### [Provided material]
* * *
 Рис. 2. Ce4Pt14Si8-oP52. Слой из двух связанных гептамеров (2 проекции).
* * *
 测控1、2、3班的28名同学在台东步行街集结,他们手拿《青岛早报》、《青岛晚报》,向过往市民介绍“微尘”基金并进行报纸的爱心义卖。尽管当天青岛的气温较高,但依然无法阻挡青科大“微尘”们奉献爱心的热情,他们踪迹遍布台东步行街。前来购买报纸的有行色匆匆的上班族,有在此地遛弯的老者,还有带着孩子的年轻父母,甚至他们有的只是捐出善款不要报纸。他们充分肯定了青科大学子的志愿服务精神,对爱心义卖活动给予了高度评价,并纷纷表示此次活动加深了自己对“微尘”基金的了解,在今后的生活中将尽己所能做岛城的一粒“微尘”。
* * *
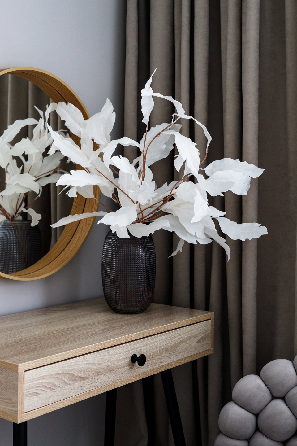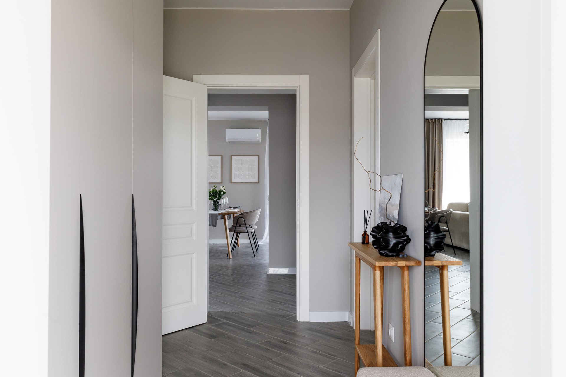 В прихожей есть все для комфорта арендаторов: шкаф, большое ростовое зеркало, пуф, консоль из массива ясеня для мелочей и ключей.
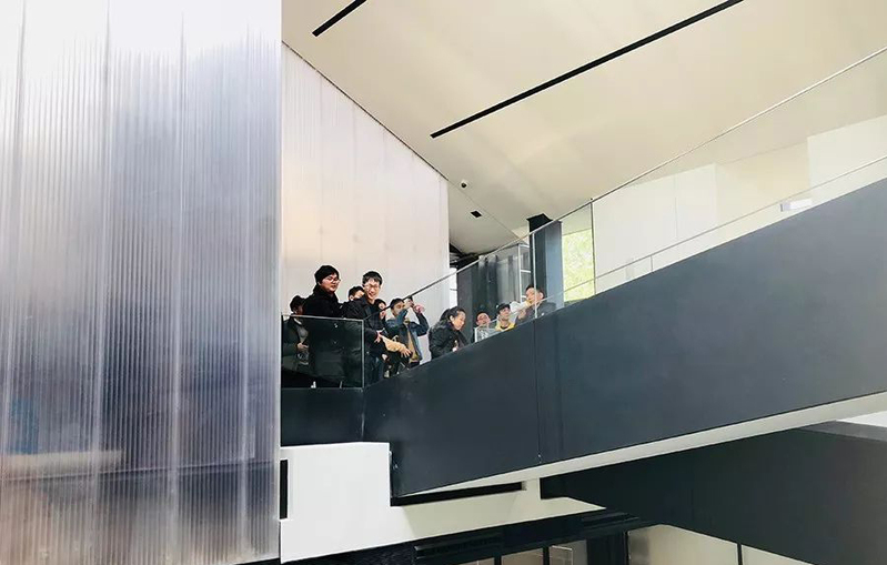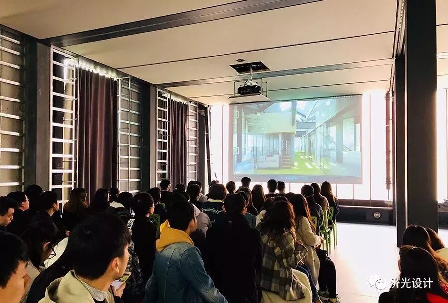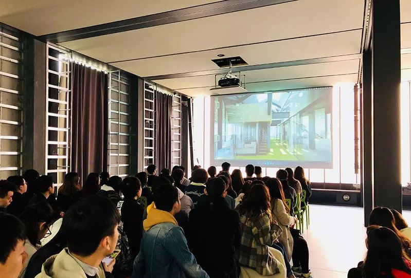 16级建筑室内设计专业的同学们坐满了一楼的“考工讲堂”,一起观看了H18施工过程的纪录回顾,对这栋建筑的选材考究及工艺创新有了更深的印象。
* * *
### [What is needed]
Above are records; write out the lines from the one with "В прихожей есть" down to the one with "16级建筑室内设计专业的同学", exactly, leaving the pictures out.

### [Exercise response]
 В прихожей есть все для комфорта арендаторов: шкаф, большое ростовое зеркало, пуф, консоль из массива ясеня для мелочей и ключей.
 16级建筑室内设计专业的同学们坐满了一楼的“考工讲堂”,一起观看了H18施工过程的纪录回顾,对这栋建筑的选材考究及工艺创新有了更深的印象。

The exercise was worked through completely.